> _Work required_: Starting at the line that contains "Wyjątkowa, ręcznie wykonana" and stopping at the line that contains "文章在线采集功能的建站系统(狂雨小说cm", restate each line of the records below exactly. Omit the pictures.

> _Source records_:
* * * * * * *
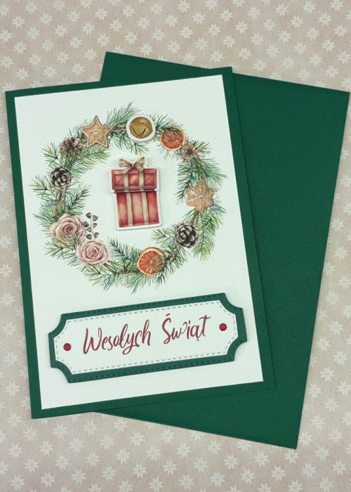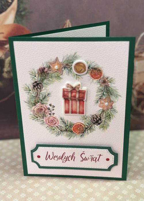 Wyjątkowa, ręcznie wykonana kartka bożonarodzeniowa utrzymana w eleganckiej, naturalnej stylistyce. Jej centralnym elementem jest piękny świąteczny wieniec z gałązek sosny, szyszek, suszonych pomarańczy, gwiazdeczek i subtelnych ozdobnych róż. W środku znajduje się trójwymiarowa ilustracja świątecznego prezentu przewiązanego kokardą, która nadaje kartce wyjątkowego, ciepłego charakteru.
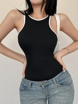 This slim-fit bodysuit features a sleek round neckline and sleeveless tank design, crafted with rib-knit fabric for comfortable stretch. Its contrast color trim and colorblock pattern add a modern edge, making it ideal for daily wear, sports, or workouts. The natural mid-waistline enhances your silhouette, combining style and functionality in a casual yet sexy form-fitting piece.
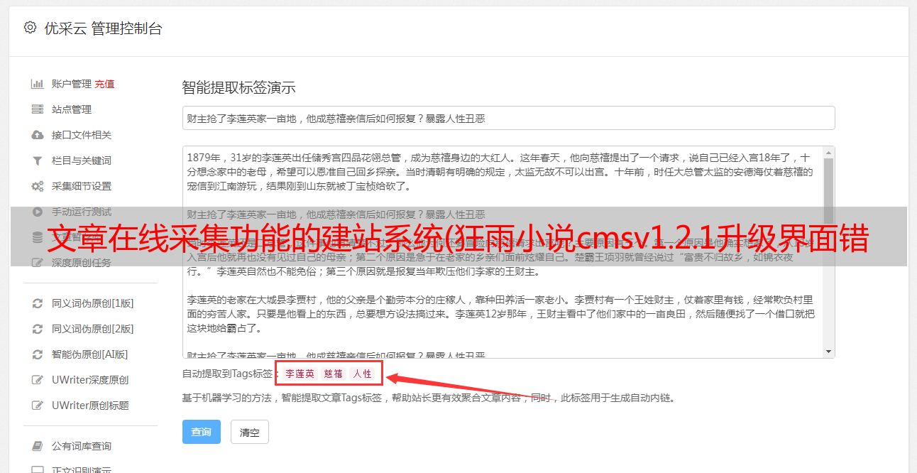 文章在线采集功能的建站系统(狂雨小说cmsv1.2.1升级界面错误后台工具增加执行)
* * * * * * *
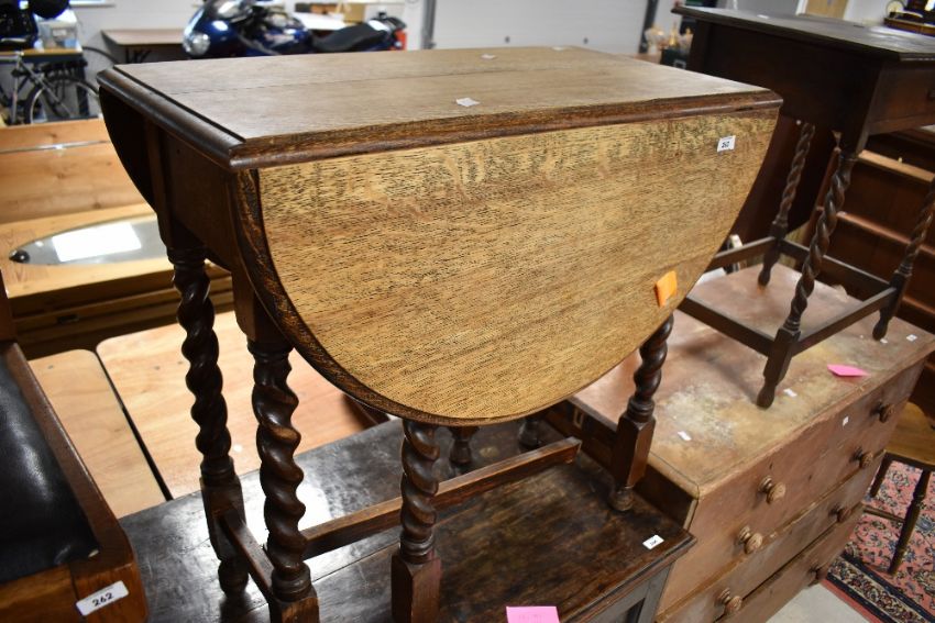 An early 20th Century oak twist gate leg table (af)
* * * * * * *
> _Written solution_:
 Wyjątkowa, ręcznie wykonana kartka bożonarodzeniowa utrzymana w eleganckiej, naturalnej stylistyce. Jej centralnym elementem jest piękny świąteczny wieniec z gałązek sosny, szyszek, suszonych pomarańczy, gwiazdeczek i subtelnych ozdobnych róż. W środku znajduje się trójwymiarowa ilustracja świątecznego prezentu przewiązanego kokardą, która nadaje kartce wyjątkowego, ciepłego charakteru.
 This slim-fit bodysuit features a sleek round neckline and sleeveless tank design, crafted with rib-knit fabric for comfortable stretch. Its contrast color trim and colorblock pattern add a modern edge, making it ideal for daily wear, sports, or workouts. The natural mid-waistline enhances your silhouette, combining style and functionality in a casual yet sexy form-fitting piece.
 文章在线采集功能的建站系统(狂雨小说cmsv1.2.1升级界面错误后台工具增加执行)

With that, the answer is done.